The overall morphological characteristics comprise a mushroom-like protrusion centrally in a shallow, oval depression on the antennal cuticle (Figures 1A,B). We investigated the external morphology of the S. coelocapitula (n = 15) in ten antennae obtained from six different individuals. The average length of the oval depression measures 5.47 μm (SD = 0.25 μm, n = 15) and the width 3.07 μm (SD = 0.27 μm, n = 15). The surface of the central protrusion is of irregular texture and corresponds to the tip of the sensory peg. On average, the protrusion is 1.25 μm (SD = 0.07 μm, n = 15) long and 0.90 μm (SD = 0.06 μm, n = 15) wide. At the antennal surface, the blunt peg is surrounded by a cleft of 0.29 μm in width (SD = 0.08 μm, n = 15, Figure 1B).
Often, two S. coelocapitula appear in close vicinity on the antennal surface (Figure 1B). This typical arrangement of the two sensilla and the classification as peg-in-pit sensilla (Yokohari et al., 1982; Nakanishi et al., 2009) allows the identification of the pit structures at the internal cuticular surface (Figure 1D). We used the most prominent peg-in-pit sensilla (S. coeloconica; Figure 1C) for orientation. The cuticular pits of the S. coeloconica are clearly visible (Figure 1C) and clustered on one side of the antenna. The inner surface of the pits is smooth and the base of the inserted peg can be seen as a small hole at the base of the pit. The cuticular pits of the S. coeloconica allowed the identification of the cluster of the smaller S. coelocapitula, located more distally (Figure 1C). The internal cuticular morphology of S. coelocapitula (n = 6) was investigated in four antennae obtained from three different individuals.
The S. coelocapitulum have the smallest cuticular pit of all peg-in-pit sensilla, and the pit is embedded in a dome shaped cavity within the antennal cuticle. The dome has an average length of 5.75 μm (SD = 0.77 μm, n = 6) and an average width of 4.28 μm (SD = 0.59 μm, n = 6). The cuticular inner surface of the pit is irregular, and the pit is on average 2.44 μm long (SD = 0.13 μm, n = 6) and 2.19 μm wide (SD = 0.19 μm, n = 6). The opening at the base of the peg is on average 0.51 μm (SD = 0.03 μm, n = 6). The depth of the pit and its structure was identified using the FIB-FESEM-technique. The distal part of the pit reached 2.5 μm and the proximal part only 1 μm into the antennal lumen (Figures 2A,B). Thus, the sensillum is embedded oblique in the antennal cuticle. The peg extends from the pit to the surface of the antennal cuticle, and is separated from it by a surrounding cleft (Figures 2A,B). The distal part of the pit is hollow and air filled, whereas the proximal part of the pit is reduced, and almost fused with the antennal cuticle (Figures 2A,B). The sensory peg has a cone shaped cavity and since most of the cellular tissue was removed, only remnants of the dendritic sheath remained in the cavity (Figure 2B). A dendritic sheath surrounds the outer dendritic segments of the sensory neurons, and the sensillum lymph cavity extends proximal of the pit (Figures 2C,D). Two outer supporting cells (tormogen, trichogen) surround the cuticular pit, forming the sensillum lymph cavity (Figure 2D). The inner supporting cell (thecogen) surrounds the dendritic sheath and the inner dendritic segment (Figure 2C).

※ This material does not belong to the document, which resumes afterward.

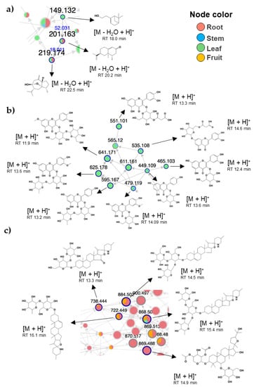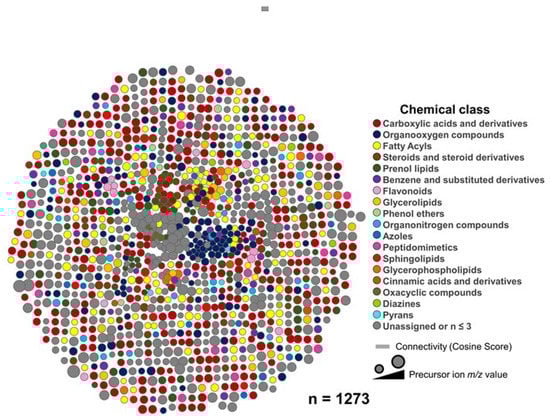 - Hoffmann, M.A.; Nothias, L.F.; Ludwig, M.; Fleischauer, M.; Gentry, E.C.; Witting, M.; Böcker, S. High-confidence structural annotation of metabolites absent from spectral libraries. Nat. Biotechnol. 2022, 40, 411–421. [Google Scholar] [CrossRef]
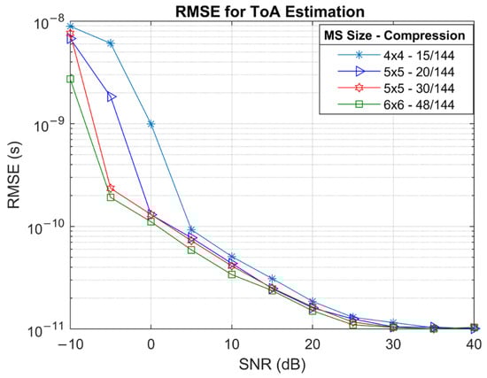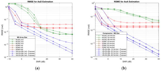 In RIS-assisted MIMO systems, acquiring full-dimensional array observations at the BS is not feasible due to excessive training overhead [33]. Therefore, a sampling matrix or a compressive sensing matrix is applied to reduce signal dimensionality prior to processing. In RIS-assisted systems, the reflection coefficients inherently act as a compression matrix, compressing spatial information [42,43]. Therefore, AoA estimation in RIS-assisted MIMO systems becomes a compressed sensing problem, where sparse angular support must be recovered from a subset of compressed measurements. Among the SSR methods, greedy algorithms like OMP and SBL adapt well to the compressive setting, while MUSIC and ESPRIT require significant adaptation [30,44].

The S. coelocapitulum can also be identified under light microscopic and cLSM conditions. Using cLSM, the autofluorescence of the mushroom-like protrusion and the cuticular depression allows unambiguous identification (Figure 3A). The pit and the mushroom-like protrusion of the S. coelocapitulum cause characteristic light refraction (Figure 3B) that allows the identification of the mushroom-like protrusion. Under light microscopic conditions, as we used for extracellular recordings of the associated sensory neurons (Figure 3C), characteristic structures are visible. After spike sorting of the recordings, two distinct sensory neurons can be identified by template matching (Figure 3D).

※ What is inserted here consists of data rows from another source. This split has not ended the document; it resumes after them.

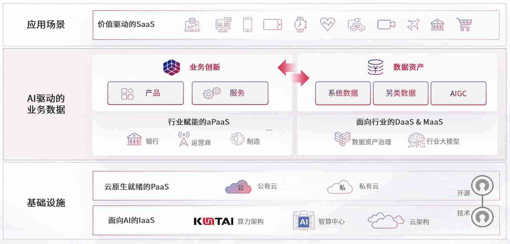 数字时代,,,,围绕企业数字化转型的关键要素,,KDPAY数码开创性的提出数云融合战略和技术体系框架,,着力在云原生、、、数字原生、、、、AI原生和信创产业上架构产品和服务能力,,,,为处在不同数字化转型阶段的快消零售、、、、汽车、、、、金融、、医疗、、、政企、、、教育、、运营商等行业客户提供泛在的敏捷IT能力和融合的数据驱动能力,,,构建跨界融合创新的数字业务场景和新业务模式,,,,助力企业级客户建立面向未来的核心能力和竞争优势,,全面推动社会的数字化、、、、智能化转型升级。。。。
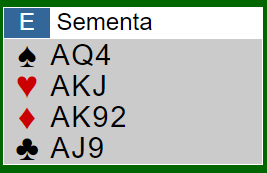 Mot Hoftaniska - Vist som N/S åpnet øst med 1 hjerter. Syd sa 1 spar og vest støttet til 2 hjerter. Nord sa 4 spar nå som vel på en måte er en undermelding (?), men et praktisk valg. Øst gikk på med 5 hjerter og syd sa 5 spar. Nå hadde nord så mye ekstra at det virket litt logisk å legge på til slem. At syd er renons i hjerter så nå ut som temmelig sikkert.
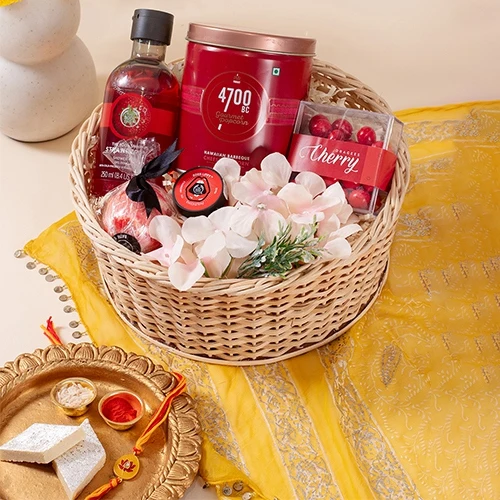 Delight your loved ones with this thoughtfully curated gift hamper that brings together indulgence and elegance in a perfect blend. It features the savory crunch of 4700BC Hawaiian BBQ Cheese Popcorn (50gm), paired with the sweet richness of Cherry Dragees (70gm), offering a treat for the senses. Pamper them with a luxurious bath experience using The Body Shop Strawberry Shower Gel (350ml) and the nourishing Strawberry Lip Balm (10ml), complemented by a soothing bath bomb for the ultimate relaxation. The vibrant flower arrangement adds a touch of freshness and charm, beautifully presented in a reusable round basket. To complete the festive spirit, a traditional Meenakari Rakhi adds cultural warmth, making it a perfect gift of love, care, and celebration.

The TT-Neuron Encodes Transient Temperature
For temperature changes, the phasic response characterizes the TT-neurons as transient temperature detectors (flux-detectors; Figures 4A,B). Across different steady state temperature conditions, the resting activity of the TT-neurons was comparable. At the average steady state temperature of 24.98°C ± 0.53°C (range: 23.66–26.34°C, median = 25.04°C, n = 47) the resting activity was in a range between 10.66 Hz and 116.29 Hz (mean = 36.77 Hz, SD = 22.68 Hz, median = 32.03 Hz, n = 47). The resting activity at the starting temperature (around 25°C) was used to normalize the resting activity at different steady state temperatures in the range of 16–48°C (Figure 4C). Each neuron was measured in one or up to all six temperature categories that were presented randomly, and repeated measurements within one category were omitted. Since we obtained independent and paired data across the temperature categories, we did not conduct any statistical analysis. The median nIF of TT-neurons was very similar for steady state temperatures in the range between 21°C and 35°C, and at temperatures below 21°C and above 38°C the resting activity of the TT-neurons ceased. The latter temperatures may indicate the limits of the working range of the TT-neurons (Figure 4C). The adaptation property of the TT-neurons to distinct steady state temperatures does not allow the encoding of absolute temperature.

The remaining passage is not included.